# Source data

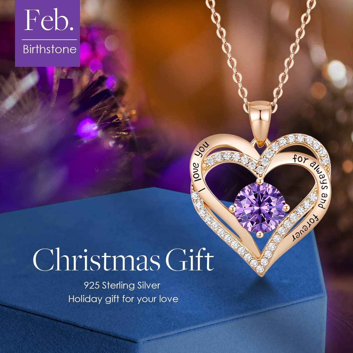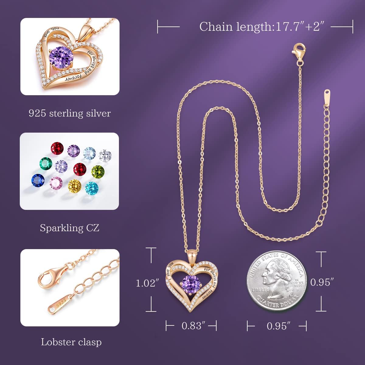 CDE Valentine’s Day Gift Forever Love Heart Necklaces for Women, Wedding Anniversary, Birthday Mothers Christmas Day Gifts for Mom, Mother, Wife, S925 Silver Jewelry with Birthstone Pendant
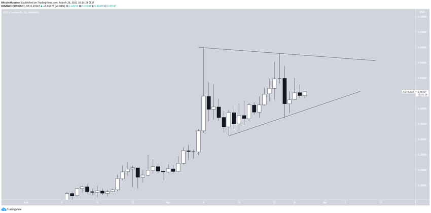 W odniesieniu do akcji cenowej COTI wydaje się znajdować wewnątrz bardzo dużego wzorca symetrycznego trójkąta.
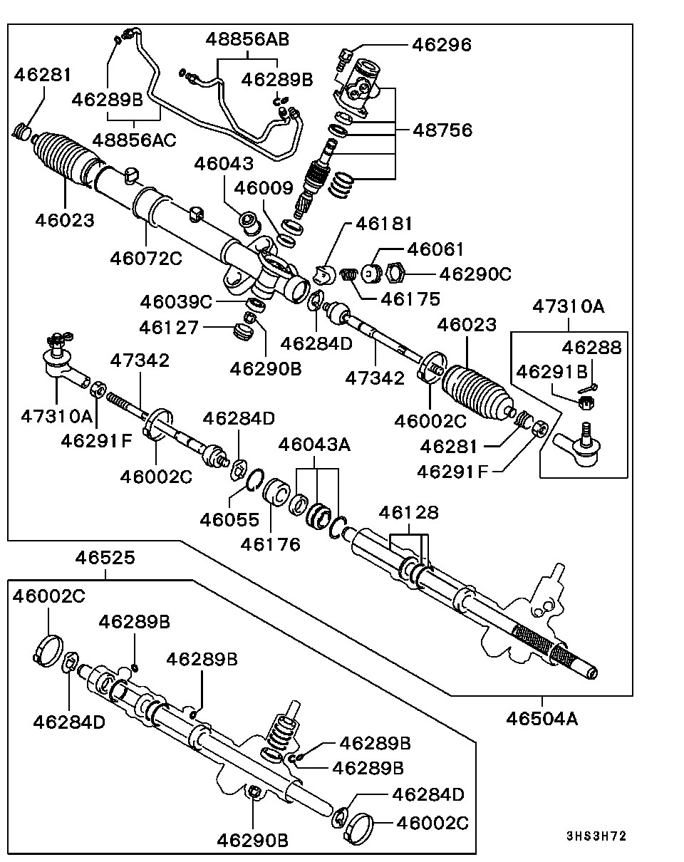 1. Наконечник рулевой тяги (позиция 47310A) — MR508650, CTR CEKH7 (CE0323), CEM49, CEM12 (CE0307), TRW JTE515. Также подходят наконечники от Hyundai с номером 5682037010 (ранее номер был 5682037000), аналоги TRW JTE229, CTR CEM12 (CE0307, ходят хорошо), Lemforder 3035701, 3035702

# Task instructions
Could you set down the data exactly as given, minus its pictures?

# Problem solution
 CDE Valentine’s Day Gift Forever Love Heart Necklaces for Women, Wedding Anniversary, Birthday Mothers Christmas Day Gifts for Mom, Mother, Wife, S925 Silver Jewelry with Birthstone Pendant
 W odniesieniu do akcji cenowej COTI wydaje się znajdować wewnątrz bardzo dużego wzorca symetrycznego trójkąta.
 1. Наконечник рулевой тяги (позиция 47310A) — MR508650, CTR CEKH7 (CE0323), CEM49, CEM12 (CE0307), TRW JTE515. Также подходят наконечники от Hyundai с номером 5682037010 (ранее номер был 5682037000), аналоги TRW JTE229, CTR CEM12 (CE0307, ходят хорошо), Lemforder 3035701, 3035702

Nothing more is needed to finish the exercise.